Für uns ist der Jägerwirt schon seit Jahren regelmäßig so ein Feierabendziel. Gerade weil er einen ganz eigenen Rhythmus hat. Während viele Wirtshäuser montags und dienstags geschlossen haben, ist hier geöffnet. Dafür sind Donnerstag und Freitag Ruhetag. Anfangs war das etwas ungewohnt, inzwischen gehört es für uns einfach dazu. Auch wenn wir uns freitags nach der Arbeit manchmal noch dabei ertappen zu denken: „Komm, fahren wir noch schnell zum Jagawirt!“ – und uns dann lachend wieder einfällt: Ach ja, heute ist ja Ruhetag.

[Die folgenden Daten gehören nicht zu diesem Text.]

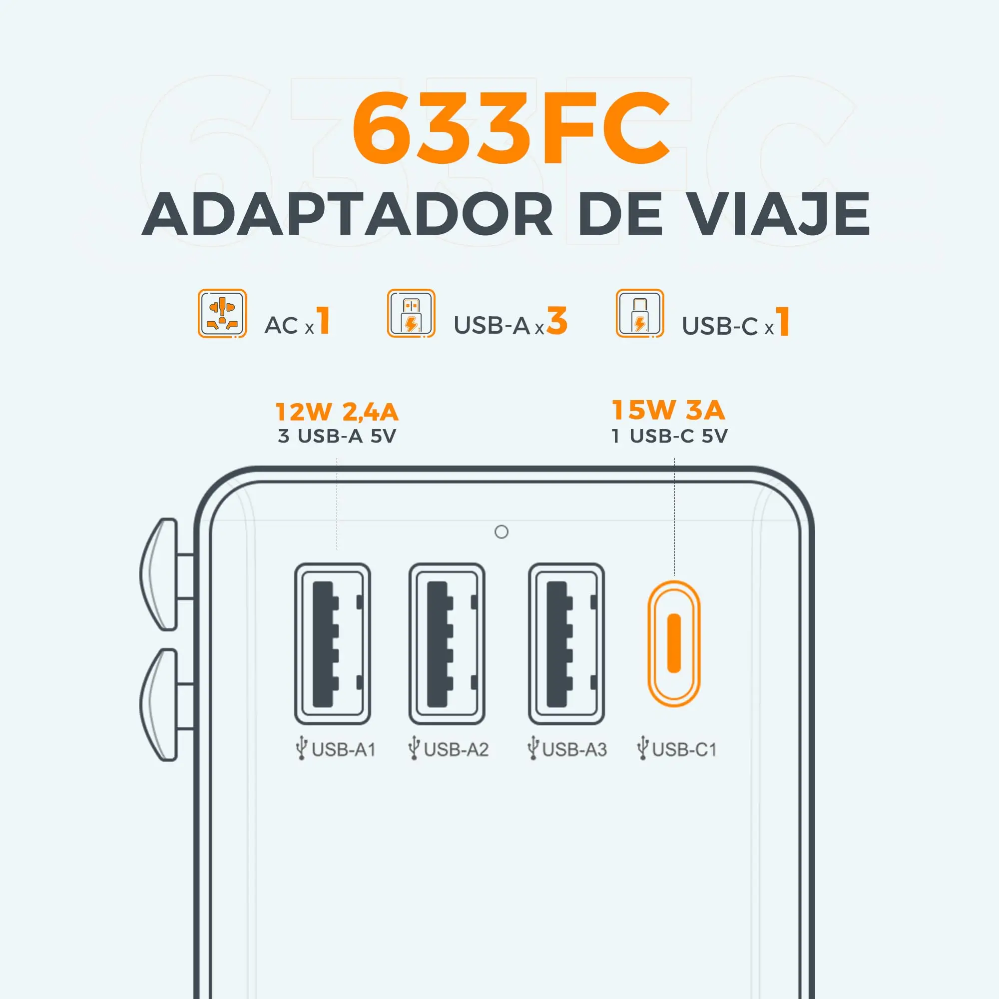3 puertos USB A (salida USB total 5 V/2,4 A MAX) 1 puerto USB C (salida total: 5 V/3 A) y 1 toma de CA (admite 100-250 V, 50/60 Hz, máx.Carga 10 A. Máx.Potencia 2500 W a 250 VCA, 1100 W a 110 VCA).Con este adaptador de enchufe internacional, puedes cargar 5 dispositivos al mismo tiempo.

Schon beim Betreten merkt man, dass hier Tradition nicht bloß auf der Speisekarte steht. Die urige Gaststube strahlt genau den Charme aus, den man heute nur noch selten findet. Viel dunkles Holz, echte Wirtshausatmosphäre und im Winter sorgt ein großer Kachelofen für wohlige Wärme. Man hat das Gefühl, als hätte sich hier in den vergangenen Jahrzehnten gar nicht so viel verändert – und genau das macht den Reiz aus.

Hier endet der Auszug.